From the hepatobiliary system

Common: increased transaminase activity

Uncommon: hepatitis, jaundice, liver function disorders.

Very rare: fulminant hepatitis, liver necrosis, liver failure.

From the skin and subcutaneous tissue

Common: rash

Uncommon: urticaria

Very rare: bullous rash, eczema, erythema, multiform erythema, Stevens-Johnson syndrome, toxic epidermal necrolysis (Lyell's syndrome), exfoliative dermatitis, erythroderma, hair loss, photosensitivity reactions, purpura, allergic purpura, itching, inflammatory skin changes

From the kidneys and urinary tract

Very rare: acute kidney failure, hematuria, proteinuria, nephrotic syndrome, tubulointerstitial nephritis, papillary necrosis of the kidneys, fluid retention, edema.

From the reproductive system

Very rare: impotence.

Infectious diseases

Exacerbation of infections associated with the use of the drug (e.g., development of necrotizing fasciitis), symptoms of aseptic meningitis.

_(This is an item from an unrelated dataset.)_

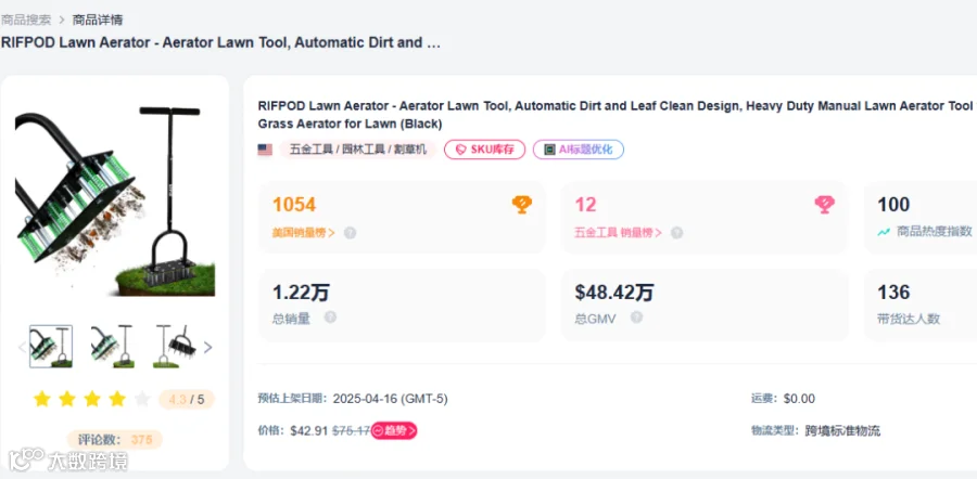 近期,TikTok美区五金工具类目销量榜中,一款草坪打孔器热度飙升。Fastmoss数据显示,该产品上线不到一个月即售出3000多件,跨境销售总额突破百万元,跃居TikTok美区园林工具类目热销榜首。

Clinical trial data and epidemiological data indicate an increased risk of thrombotic complications (e.g., myocardial infarction or stroke) associated with the use of diclofenac, particularly at high therapeutic doses (150 mg/day) and during long-term use.

Shelf life.

3 years.

Storage conditions.

Store at a temperature not exceeding 25 °C.

Store in a place inaccessible to children.

Packaging.

10 tablets in a blister pack; 2 (10 × 2) or 10 (10 × 10) blister packs in a carton box.

Release category.

By prescription.

For tablets of 75 mg:

Manufacturer.

Salutas Pharma GmbH.

Location of the manufacturer and address of the place of business.

Otto-von-Guericke-Allee 1, 39179 Barleben, Germany.

For tablets of 150 mg:

Manufacturer.

Salutas Pharma GmbH.

(bulk production, packaging, batch release).

LEK S.A.

(packaging, batch release).

Location of manufacturers and address of the place of business.

Otto-von-Guericke-Allee 1, 39179 Barleben, Germany.

50 C, Domaniewska Street, 02-672 Warsaw, Poland.